Most of this code is only used when loading the document back into Microsoft Word.

We remove all of that and make a few more optimisations:

  • Remove the formatting information that we didn't actually ask for. We used the default font and size in Word, which should indicate that we don't actually care, and that the browser's default font and size should be used as well.
  • Remove the advertisement that the page was created by Microsoft Word, as we had to work so hard to fix it afterwards.
  • Remove the charset from the Content-Type meta tag, as this is a Windows-specific character set and will not work on non-Windows machines anyway.
  • Add the missing quotes around attribute values. W3C "recommends using quotation marks even when it is possible to eliminate them."
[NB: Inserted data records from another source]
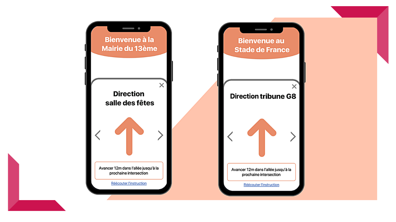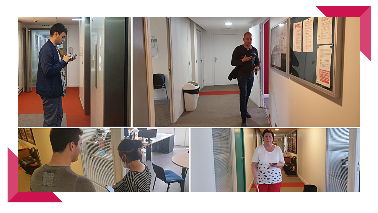 Elles se traduisent notamment par des fonctionnalités de guidage pas-à-pas en indoor. En effet, grâce à un travail de cartographie et de recensements des divers points d’intérêt (sanitaire, accueil, stand, espace de conférences etc.), nous sommes capables de guider une personne déficiente visuelle d’un point A à un point B, de rassurer une personne déficiente cognitive dans son parcours grâce à la méthode FALC (Facile à Lire et à Comprendre) et d’amener une personne utilisatrice d’un fauteuil roulant jusqu’à un ascenseur qui fonctionne.
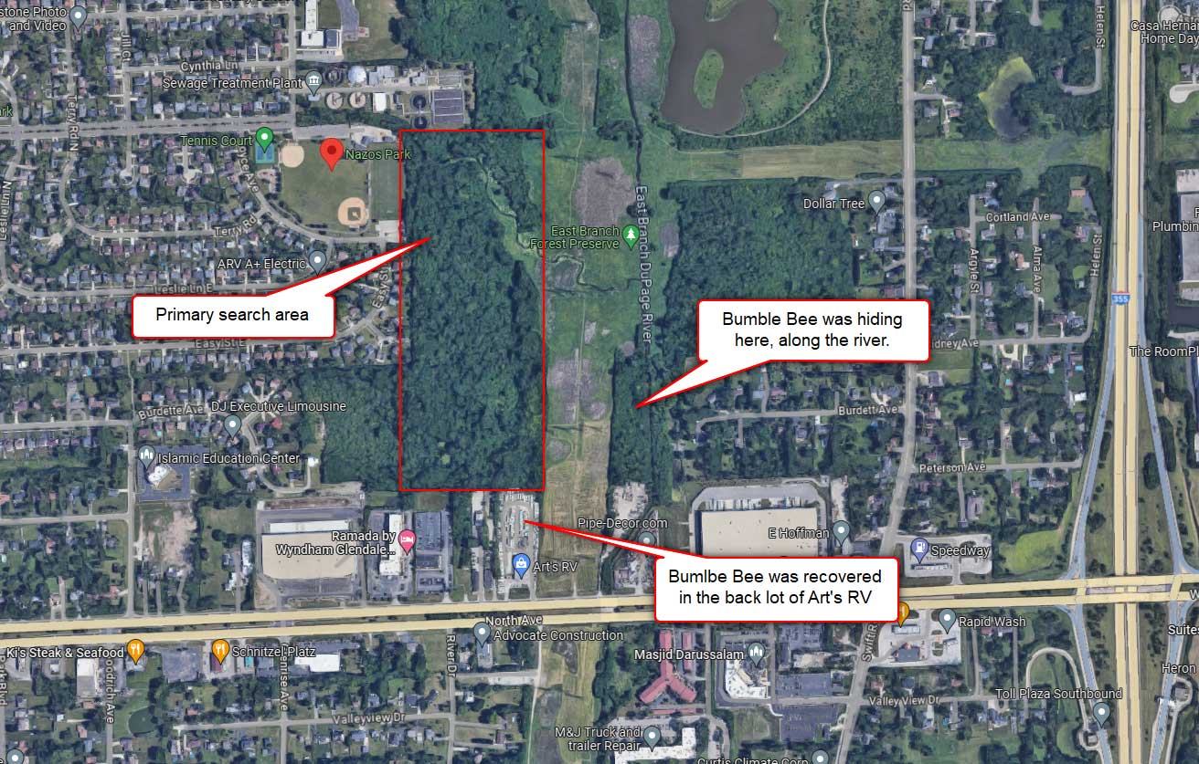 They gathered at 10am making their way through the dense forest they had been through the days before. As you can see in the image, the primary search area was the forest preserve that bordered Nazos Park. This time though, they expanded out into areas they had not been before. Jackson, the son of a long-time As Good as Gold member, was walking through 5-6' tall grass calling her name. Being a retired breeder dog, she did not know her name and was terrified of people. He came within 3 feet of her hiding in the long grass. He only saw her once she got spooked and took off running,
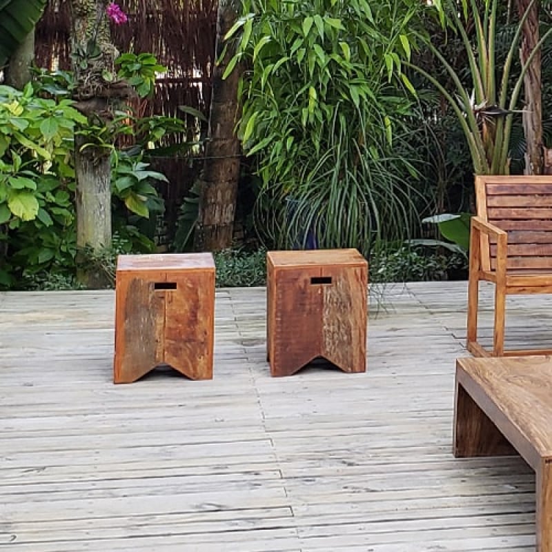 Alguns exemplos de móveis produzidos em Madeira de Demolição:
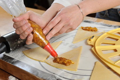 - בעזרת כפית או מזלף מניחים מעט מלית לאורך הצד הרחב של המשולש.
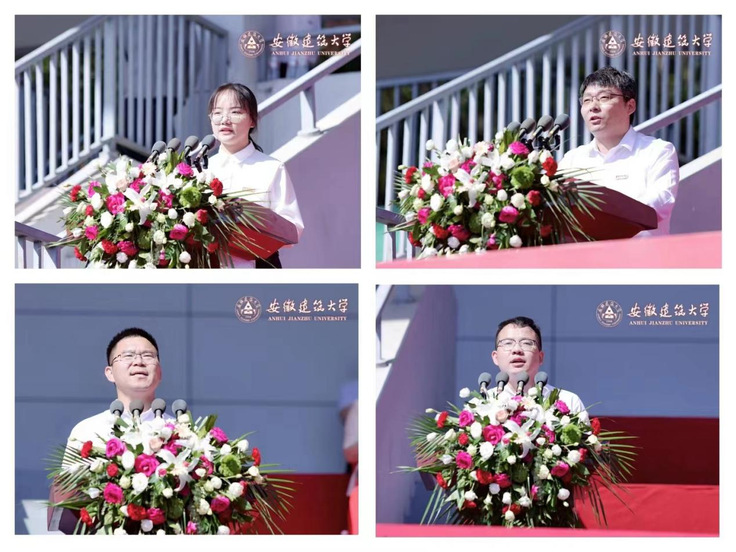 教师代表丁超结合校训精神向新生分享了成长启示,希望大家进德修身,塑造高尚品格;弘毅自强,锤炼钢铁意志;博学多才,拓宽国际视野;善建力行,务求实践创新。谆谆教诲与浓浓爱意激励着建大的新生们。
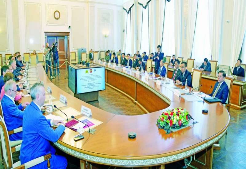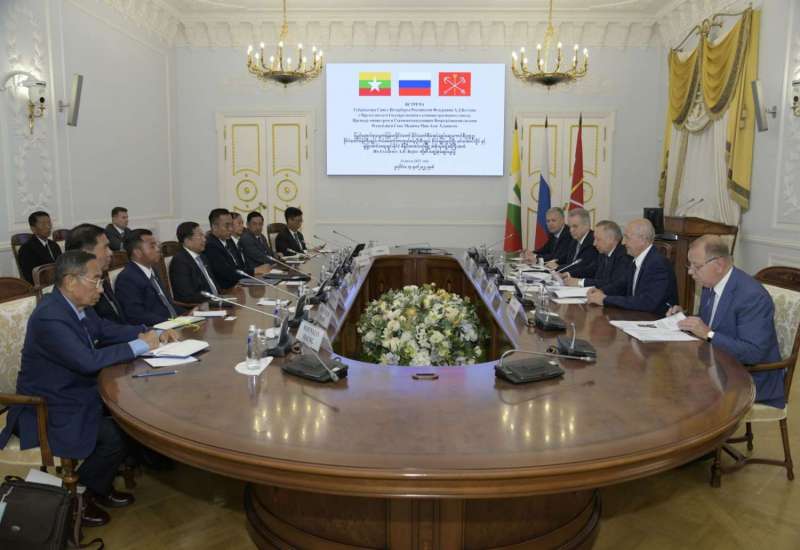 ရုရှားဖက်ဒရေးရှင်းနိုင်ငံသို့ ရောက်ရှိနေသည့် နိုင်ငံတော်စီမံအုပ်ချုပ်ရေး ကောင်စီဥက္ကဋ္ဌ၊ နိုင်ငံတော်ဝန်ကြီးချုပ် ဗိုလ်ချုပ်မှူးကြီး မင်းအောင်လှိုင်သည် ဇူလိုင် ၁၄ ရက် ဒေသစံတော်ချိန် နံနက်ပိုင်းတွင် စိန့်ပီတာစဘတ်မြို့အစိုးရအဖွဲ့ အကြီးအကဲ Mr.Alexander Beglov နှင့် အစိုးရအဖွဲ့ရုံး၌ တွေ့ဆုံဆွေးနွေးသည်။
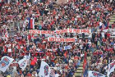 275-2023. Cagliari Calcio-Venezia F.C. Gara preliminare play off BKT 2022/2023, stadio Unipol Domus Cagliari. Foto Salvatore Moi/Aldo Liverani s.a.s. Nella foto: Sconvolts, tifosi del Cagliari Calcio in curva nord dello stadio Unipol Domus di Cagliari. ©MOI SALVATORE / AGENZIA ALDO LIVERANI SAS
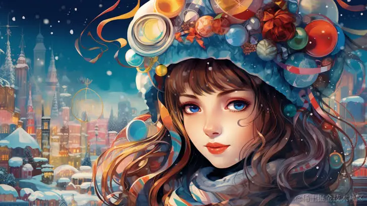 (beautiful girl) in front of a background with christmas ornaments are decorated to appear as a village, snow and holiday, in the style of graphic design-inspired illustrations, holographic, interactive pieces, m42 mount, kitsch and camp charm, digital print, dreamlike illustrations
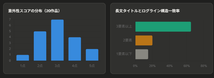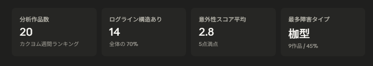 カクヨム週間ランキング上位20作品のあらすじとタイトルを対象に、のべもあ編集部がログラインの構成要素を抽出し、「障害タイプの分布」「意外性スコア」「長文タイトルとのログライン要素一致率」の3軸で分析しました。
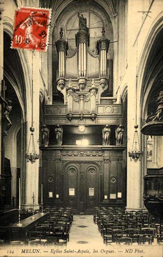 Carte postale de l’ancien orgue de l’église Saint-Aspais (Melun 77),
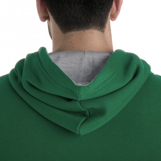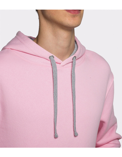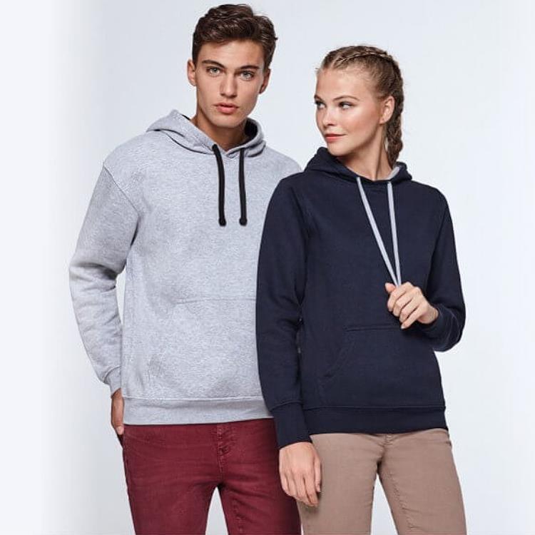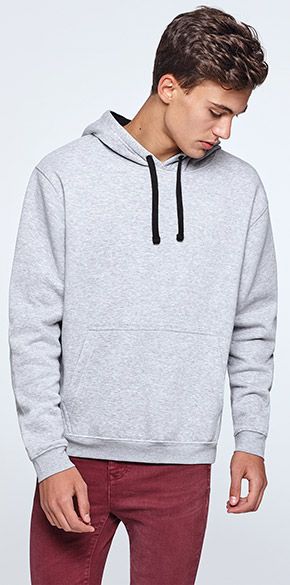Двуцветен мъжки суитчър с джоб тип "кенгуру" и двойна качулка с контрастна подплата и връзка.
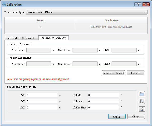 Автоматическое Выравнивание:Выберите ошибку прицеливания, которую нужно исправить, и установите допуск на смещение и допуск на поворот. Нажмите «Рассчитать», чтобы автоматически определить ошибку прицеливания. Результат отобразится в разделе «Коррекция прицеливания». Нажмите «Очистить сопоставление», чтобы удалить информацию о сопоставлении. После изменения соответствующих параметров пользователи могут снова рассчитать параметры выравнивания. После автоматического выравнивания LiDAR360 определит качество выравнивания. Качество выравнивания будет отображаться на вкладке «Качество выравнивания». Нажмите кнопку «Экспорт», чтобы сохранить информацию о качестве выравнивания, и нажмите кнопку «Создать отчет», чтобы создать отчет о качестве автоматического выравнивания. (Теория коррекции на основе автоматической настройки.)Ручное Выравнивание:Отрегулируйте погрешность прицеливания вручную. (Теория коррекции на основе ручного измерения.)Нажмите «Применить», и коррекция погрешности будет применена к выбранному Тип преобразования.
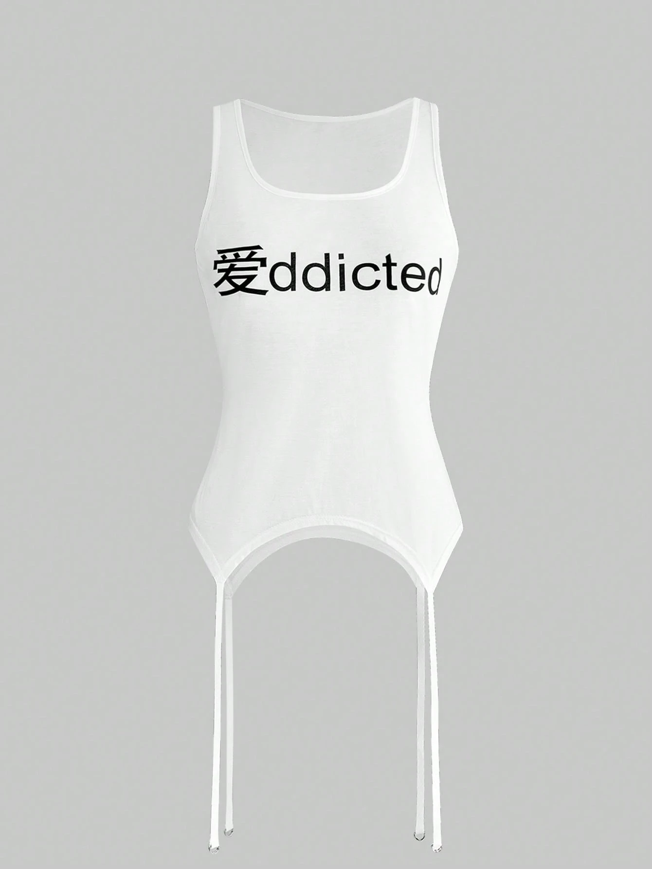 Grunge Punk Camiseta de mujer asimétrica con estampado de letra Abby
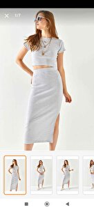 Kadın Çizgili Gri Kısa Kollu Yırtmaçlı Etekli Likralı Takım TKM-19000194 Kadın Çizgili Gri Kısa Kollu Yırtmaçlı Etekli Likralı Takım TKM-19000194 L
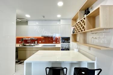白を基調としたモダンなデザインの室内は、明るく清潔感あふれる住空間となっています。最大の魅力は、サイゴン川とバソン橋を目の前に望むバルコニーで、夜景を眺めながら贅沢なリラックスタイムをお楽しみいただけます。リビングには大型の高級ソファを配し、ご家族でゆったりと過ごすのに最適です。ミニバーカウンター付きのオープンキッチンは、空間を有効活用できるだけでなく、ホームパーティーにも彩りを添えます。一日の終わりには、プライベートなバスタブで心身を癒やし、自宅にいながらリフレッシュできる至福のひとときをお過ごしください。

Having done that, we are left with:

<html xmlns="http://www.w3.org/TR/REC-html40">
<head>
<meta http-equiv="Content-Type" content="text/html">
<title>Hello World</title>
</head>
<body lang="EN-US">
<p>Hello World</p>
</body>
</html>

The original version was 2,454 bytes long. Our replacement is 204 bytes, a saving of over 90%. Admittedly, the document conveys only 11 bytes of useful text, but we have significantly reduced the HTML overhead.